It’s a typical weekday. Odds are you slept through your alarm (despite its super-loud setting), half-walked, half-ran to your early-morning class and just finished the last of your reading right before your professor walked into the room. The last thing you’re worrying about is whether or not Iran will have the capability to produce nuclear weapons. Heck, you’re not even sure where Iran is.
Going to school in sunny Miami makes it easy to forget that there is a real world out there. In fact, that is probably what made half the students want to apply. Nevertheless, Iran’s ability towards nuclear proliferation remains a significant threat to the security to the United States-a fact overshadowed by media coverage over whether or not Samuel Alito’s wife was crying during the Senate Judiciary hearings. According to the Dec. 2, 2005, weekly memo produced by the American Israel Public Affairs committee, Iran could have nuclear weapons on disposal within three to five years. Some say more. Some say less.
Why is this a problem? Everyone and their mother now has or claim to have nuclear weapons. In order to prevent the spread of nuclear weapons, Iran became a signatory of the 1968 Nuclear Non-Proliferation Treaty. The NPT calls for all countries that did not have nuclear technology to swear not to obtain nuclear weapons as well as to declare all nuclear activities to the United Nations. However, in 2002, Iran was caught with its hands in the cookie jar when its top-secret nuclear program was leaked out. This surprised most of the international community by its sophistication and its proximity towards reaching nuclear capability. Yes, folks. Iran broke the law.
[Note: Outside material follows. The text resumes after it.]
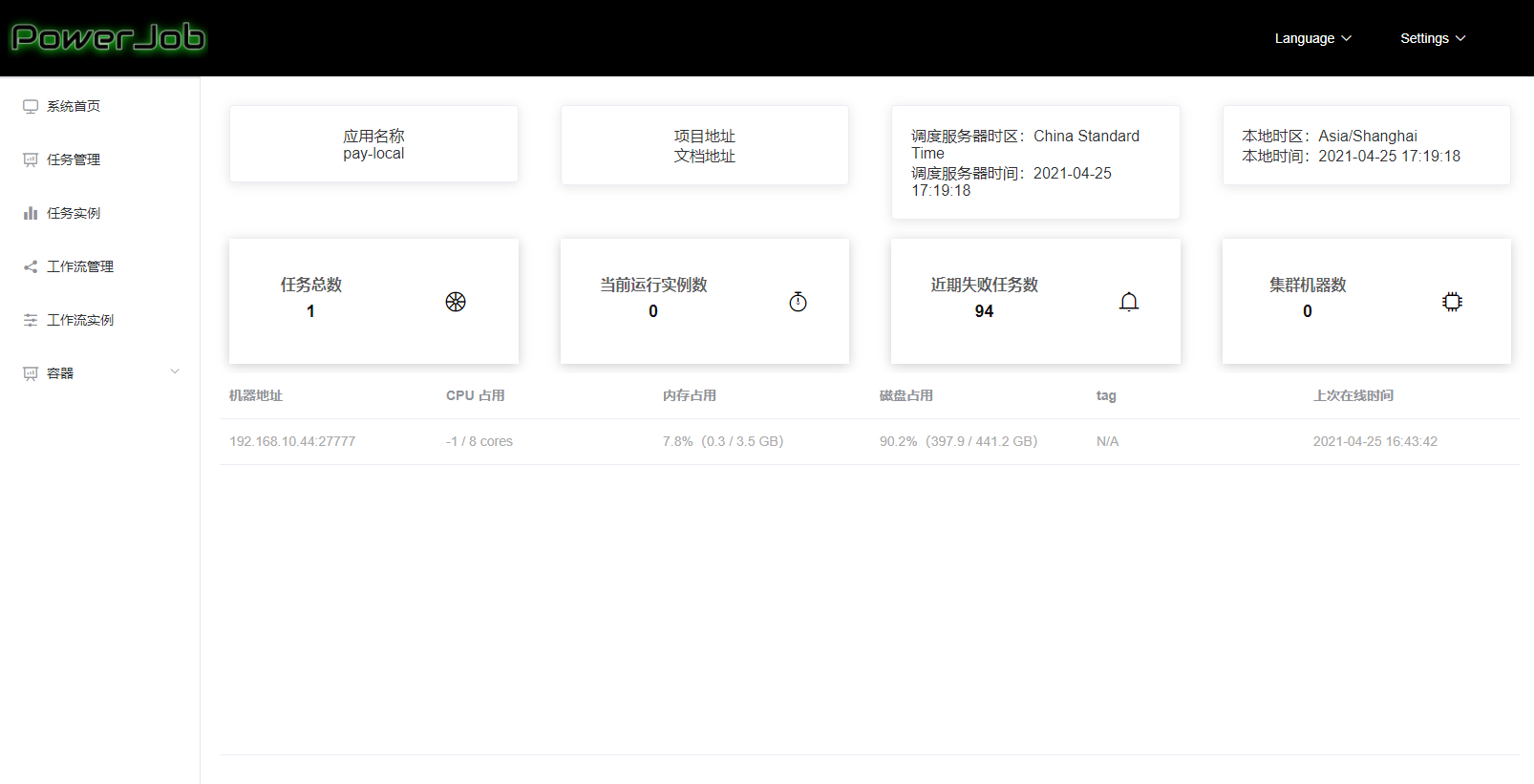 powerjob:worker:server-address: 192.168.3.25:7700app-name: pay-local# akka-port: 27777max-appended-wf-context-length: 16384max-result-length: 16384store-strategy: disk

But it’s more than just breaking the treaty. Unlike Iraq where its nuclear capability was questioned among the international community, both the United States and the European Union remain steadfast in their assurance that allowing what the State Department calls “the world’s ‘most active state sponsor of terrorism” is a bad thing. Iranian President Ahmadinejad (try saying that five times fast) has been spreading vicious remarks towards the United States and Israel including a statement made on Oct. 26 at the World Without Zionism conference saying, “They say its not possible to have a world without the United States and Zionism. But you know this is a possible goal and slogan.”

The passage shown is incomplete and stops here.